◆ To do:
No pictures go into the output, which should consist only of the lines from the first line of the data through the line with "The image below", copied exactly.

Records contained in a dataset
-- Opening Marker --
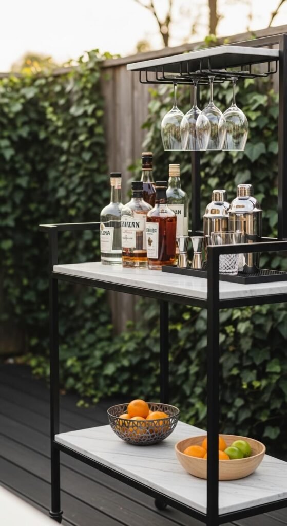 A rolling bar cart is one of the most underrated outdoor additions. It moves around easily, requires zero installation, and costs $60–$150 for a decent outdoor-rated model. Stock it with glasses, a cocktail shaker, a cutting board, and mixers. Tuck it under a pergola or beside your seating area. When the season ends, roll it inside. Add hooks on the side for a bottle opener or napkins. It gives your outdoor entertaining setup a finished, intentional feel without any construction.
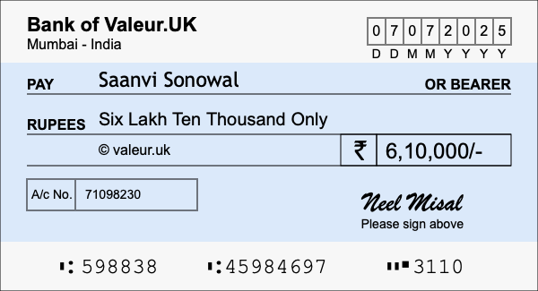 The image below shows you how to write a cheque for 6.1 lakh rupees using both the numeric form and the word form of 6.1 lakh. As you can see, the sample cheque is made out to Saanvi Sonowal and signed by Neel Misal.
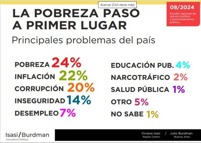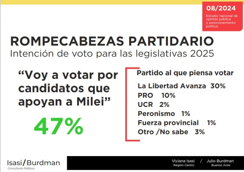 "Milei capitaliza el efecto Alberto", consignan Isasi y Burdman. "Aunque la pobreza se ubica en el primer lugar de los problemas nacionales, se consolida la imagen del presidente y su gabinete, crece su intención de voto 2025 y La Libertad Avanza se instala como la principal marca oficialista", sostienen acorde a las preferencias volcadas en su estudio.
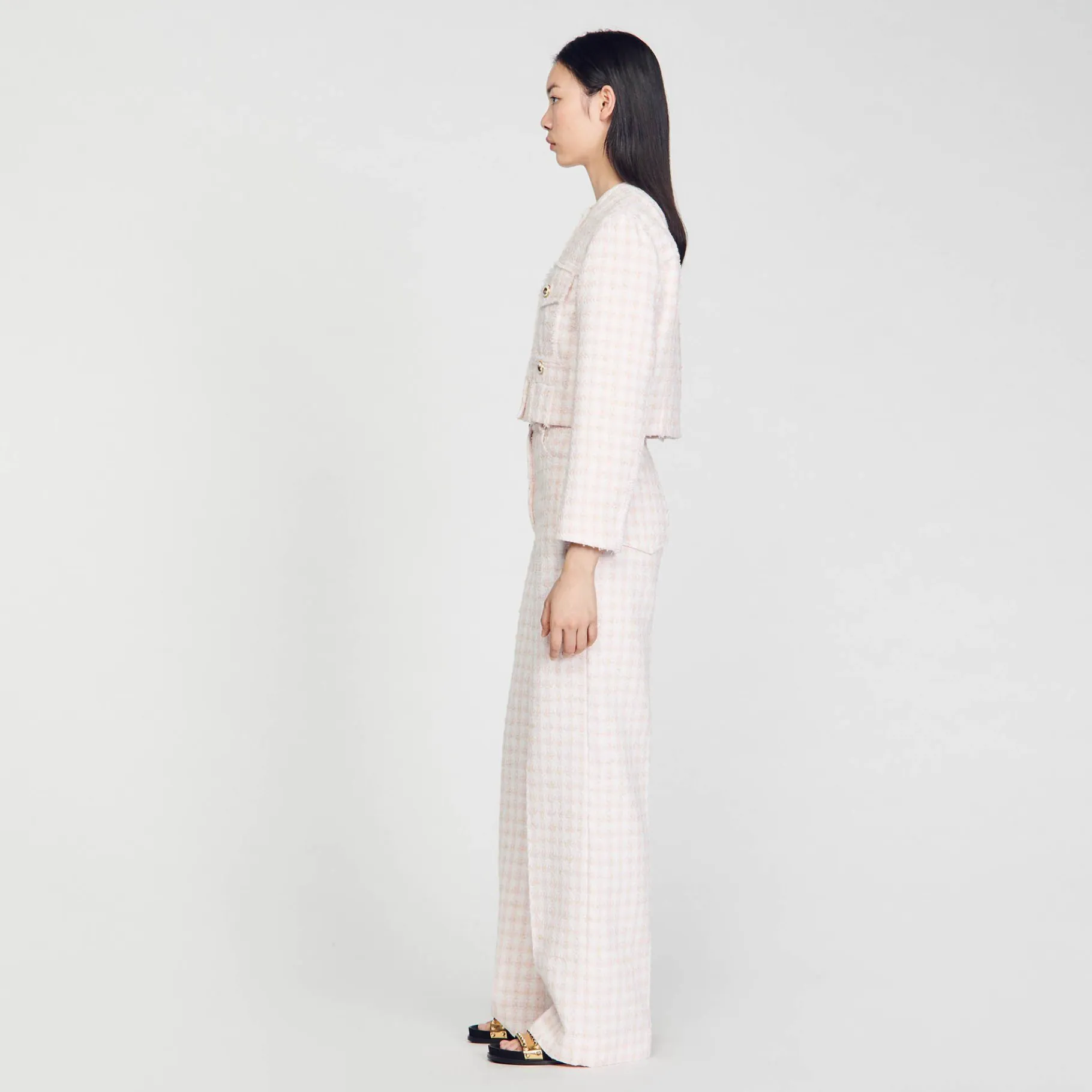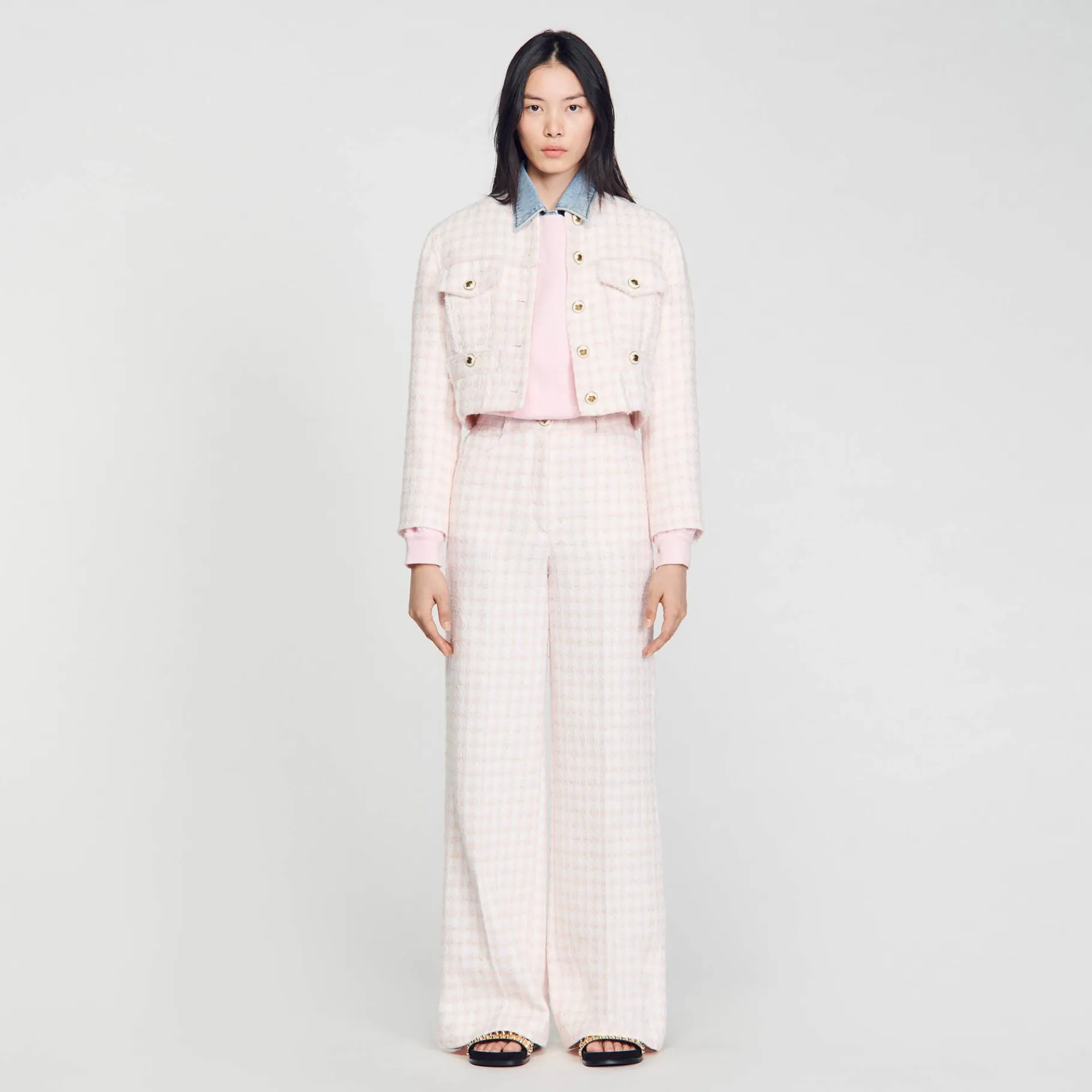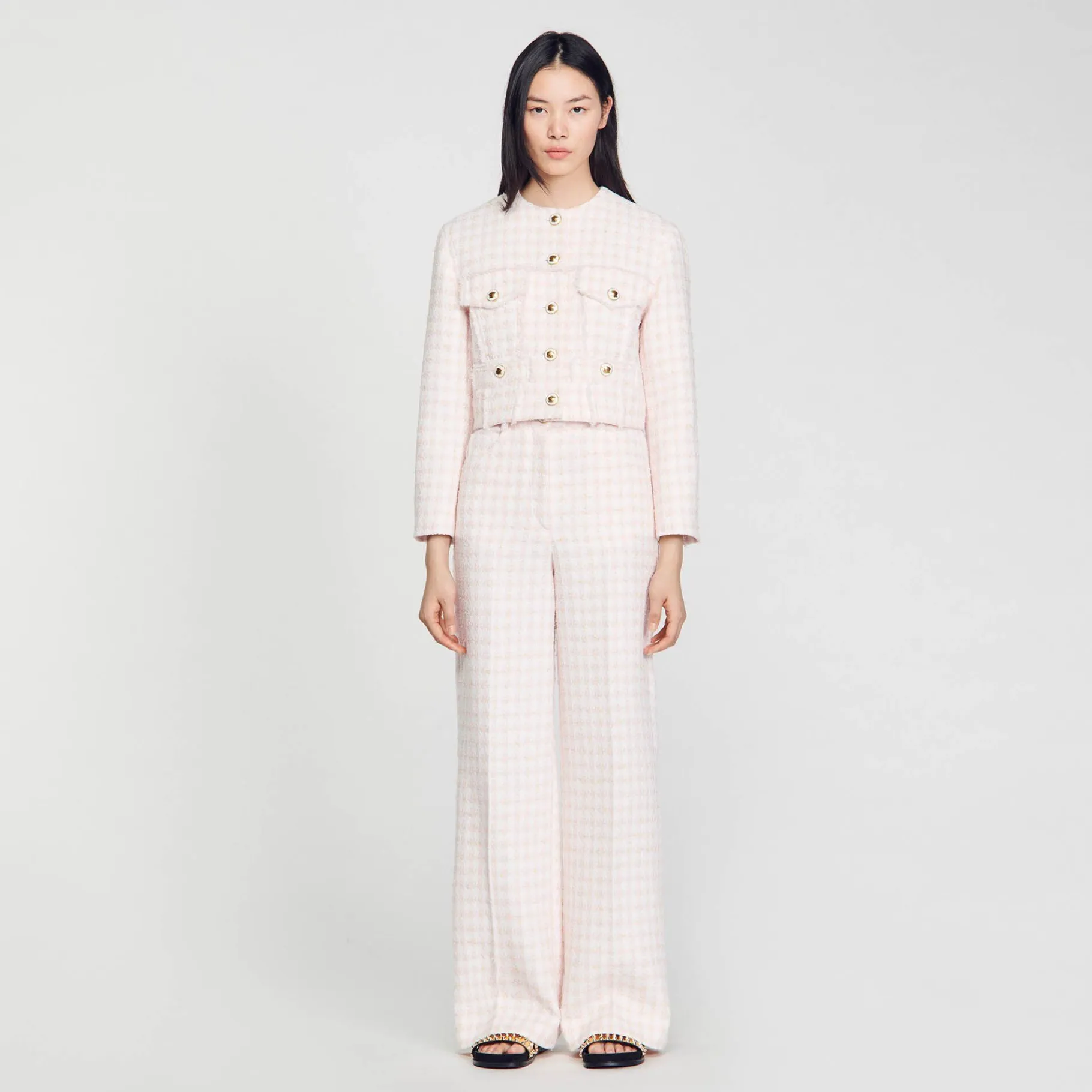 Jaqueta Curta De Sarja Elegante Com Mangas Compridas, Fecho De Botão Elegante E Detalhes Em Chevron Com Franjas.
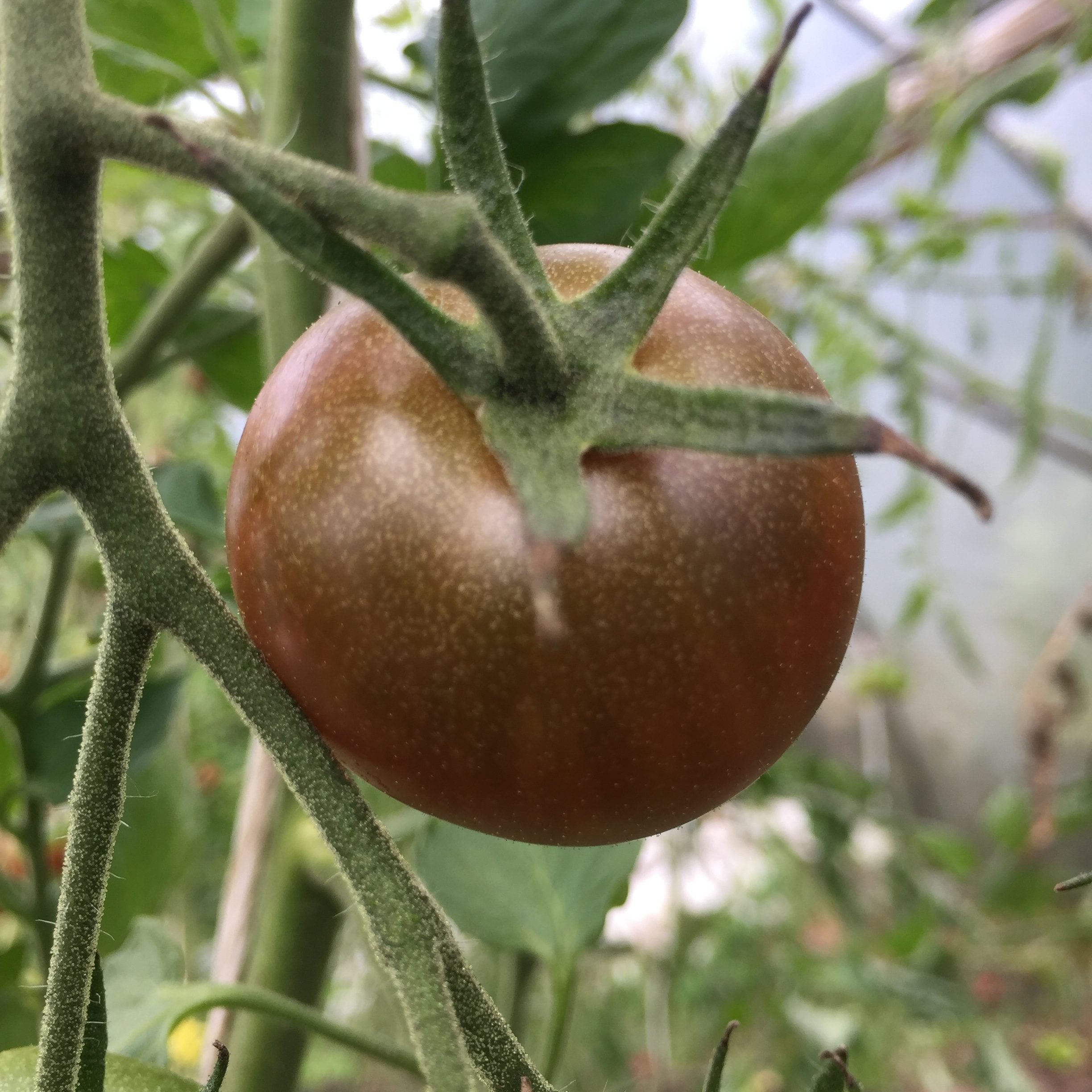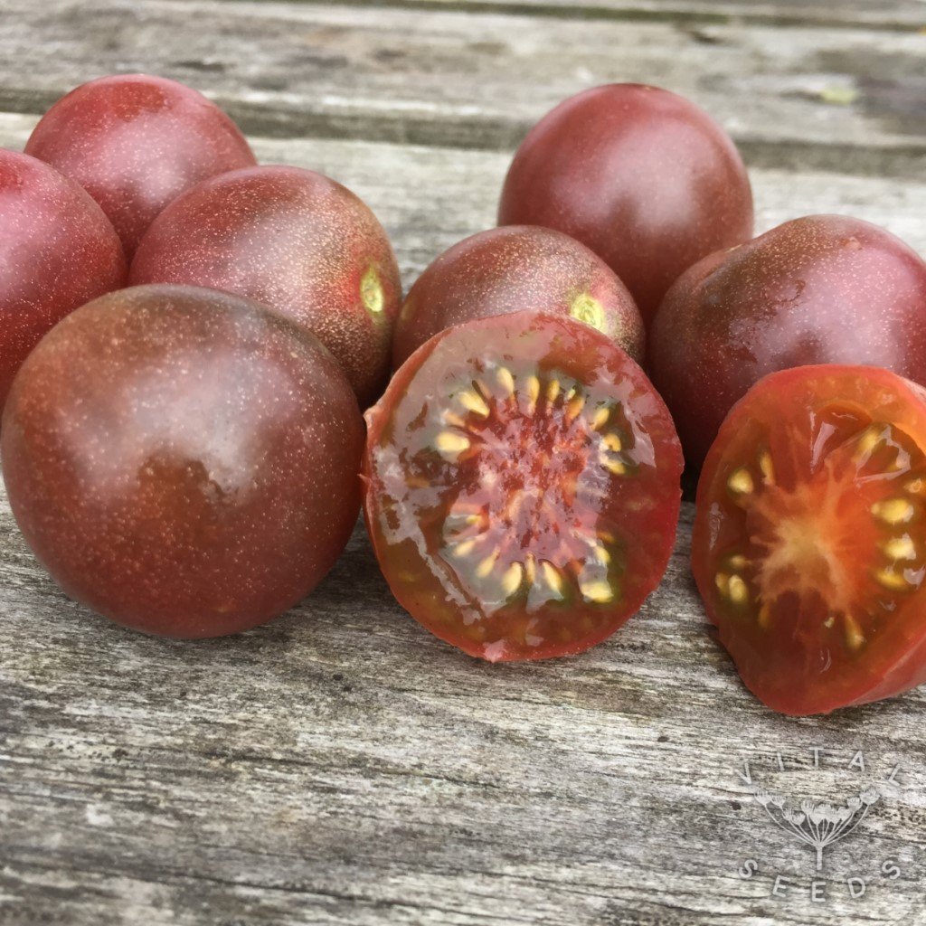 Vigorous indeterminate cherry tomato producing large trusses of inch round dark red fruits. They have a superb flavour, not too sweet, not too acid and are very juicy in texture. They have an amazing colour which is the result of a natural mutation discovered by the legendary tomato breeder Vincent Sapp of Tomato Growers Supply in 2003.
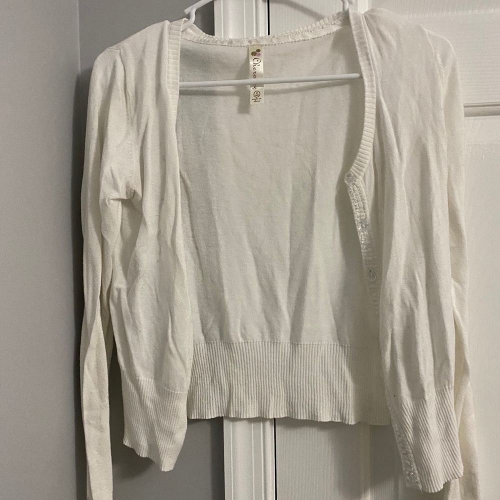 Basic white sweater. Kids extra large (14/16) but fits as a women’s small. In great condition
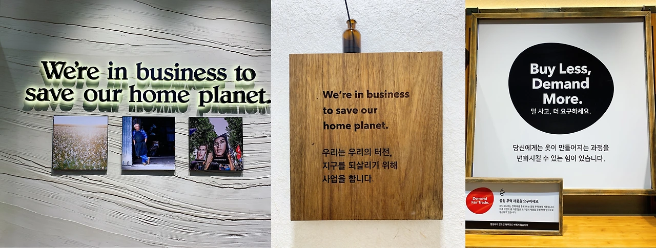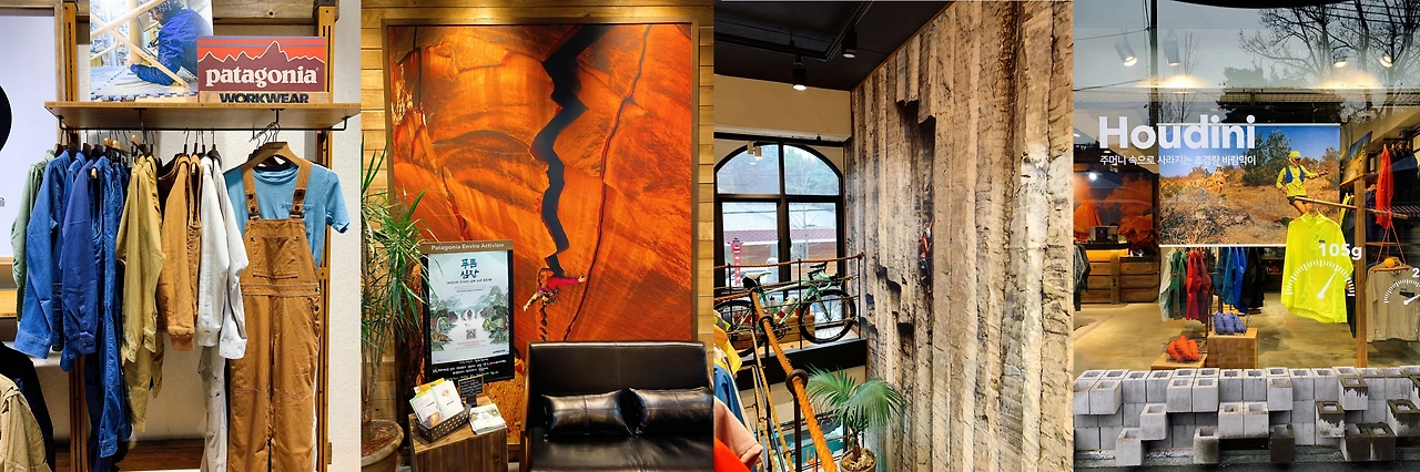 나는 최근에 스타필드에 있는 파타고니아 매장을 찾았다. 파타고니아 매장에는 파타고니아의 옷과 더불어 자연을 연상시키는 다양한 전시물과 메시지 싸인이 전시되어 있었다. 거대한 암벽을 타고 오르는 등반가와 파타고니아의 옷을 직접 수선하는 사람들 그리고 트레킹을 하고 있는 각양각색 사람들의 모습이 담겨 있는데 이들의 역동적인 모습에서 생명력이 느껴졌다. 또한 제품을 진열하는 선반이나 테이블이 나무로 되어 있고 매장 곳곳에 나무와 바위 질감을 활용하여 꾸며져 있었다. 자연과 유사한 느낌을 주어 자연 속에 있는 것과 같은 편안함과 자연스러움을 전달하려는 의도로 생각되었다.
-- Closing Marker --
◆ Task response:
 A rolling bar cart is one of the most underrated outdoor additions. It moves around easily, requires zero installation, and costs $60–$150 for a decent outdoor-rated model. Stock it with glasses, a cocktail shaker, a cutting board, and mixers. Tuck it under a pergola or beside your seating area. When the season ends, roll it inside. Add hooks on the side for a bottle opener or napkins. It gives your outdoor entertaining setup a finished, intentional feel without any construction.
 The image below shows you how to write a cheque for 6.1 lakh rupees using both the numeric form and the word form of 6.1 lakh. As you can see, the sample cheque is made out to Saanvi Sonowal and signed by Neel Misal.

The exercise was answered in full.